🤖 AI Summary
Automated coding of conversational data faces challenges due to high contextual complexity and large language models’ (LLMs) difficulty in accurately modeling the interplay between communicative acts and underlying events. To address this, we propose an LLM-assisted deductive coding framework featuring: (1) a novel dual-path prediction mechanism—role-specific prompting and chain-of-thought reasoning; (2) context representation explicitly grounded in joint modeling of communicative acts and events; and (3) cross-model collaborative coding (leveraging GPT-4-turbo, GPT-4o, and DeepSeek) coupled with event–act association-driven consistency verification, performed by GPT-4o. Experiments demonstrate substantial improvements in coding accuracy: act-level predictions consistently outperform event-level ones, and contextual consistency verification yields significant performance gains. This work establishes a scalable, high-fidelity automated coding paradigm for qualitative conversational analysis.
📝 Abstract
Dialogue data has been a key source for understanding learning processes, offering critical insights into how students engage in collaborative discussions and how these interactions shape their knowledge construction. The advent of Large Language Models (LLMs) has introduced promising opportunities for advancing qualitative research, particularly in the automated coding of dialogue data. However, the inherent contextual complexity of dialogue presents unique challenges for these models, especially in understanding and interpreting complex contextual information. This study addresses these challenges by developing a novel LLM-assisted automated coding approach for dialogue data.
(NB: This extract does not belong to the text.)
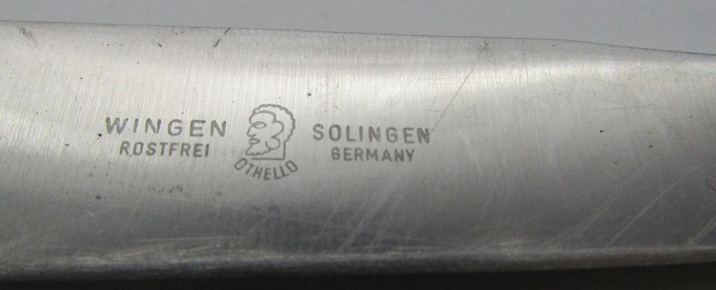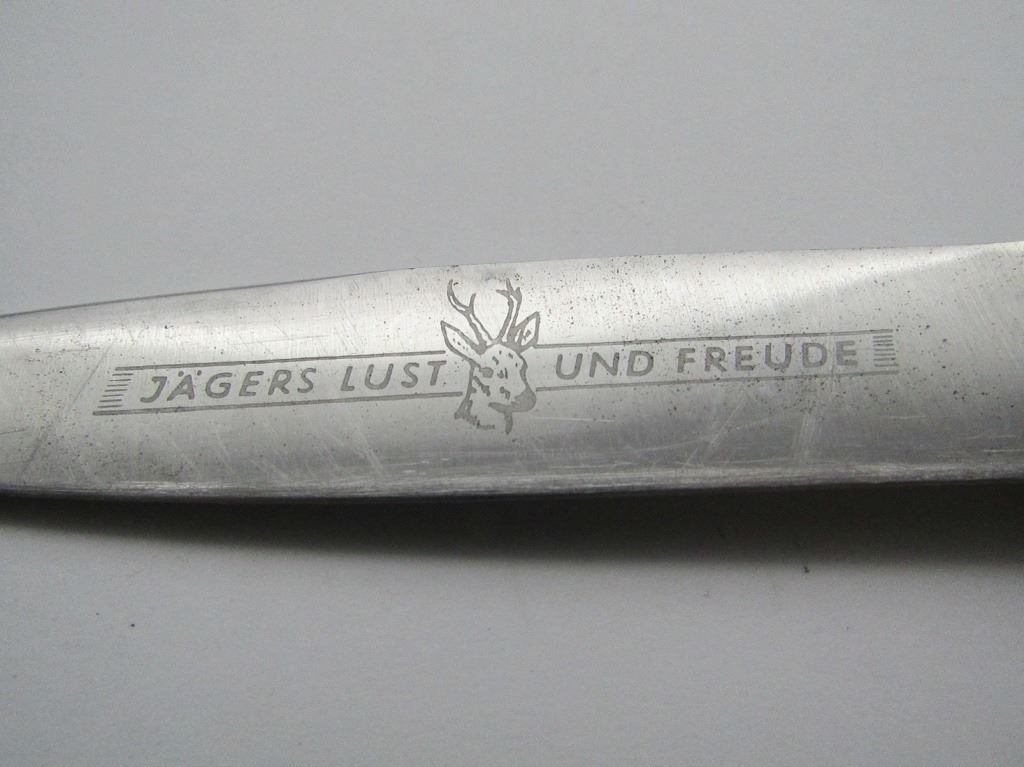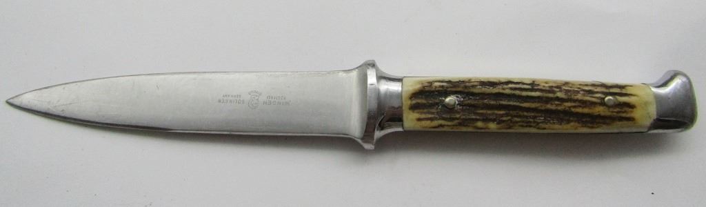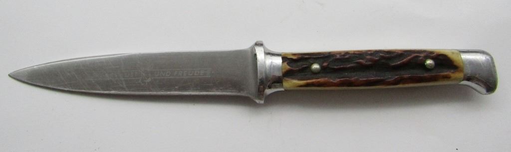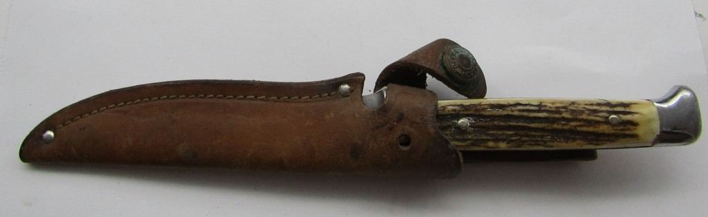 HUNTING KNIFE. STAG HANDLE. SHEATH DOES NOT BELONG WITH THIS KNIFE AND NEEDS NEW BUTTON. BLADE HAS BEEN LIGHTLY SHARPENED. IN OTHERWISE GOOD CONDITION.

The novelty of our proposed framework is threefold: 1) We predict the code for an utterance based on dialogue-specific characteristics -- communicative acts and communicative events -- using separate prompts following the role prompts and chain-of-thoughts methods; 2) We engaged multiple LLMs including GPT-4-turbo, GPT-4o, DeepSeek in collaborative code prediction; 3) We leveraged the interrelation between events and acts to implement consistency checking using GPT-4o. In particular, our contextual consistency checking provided a substantial accuracy improvement. We also found the accuracy of act predictions was consistently higher than that of event predictions. This study contributes a new methodological framework for enhancing the precision of automated coding of dialogue data as well as offers a scalable solution for addressing the contextual challenges inherent in dialogue analysis.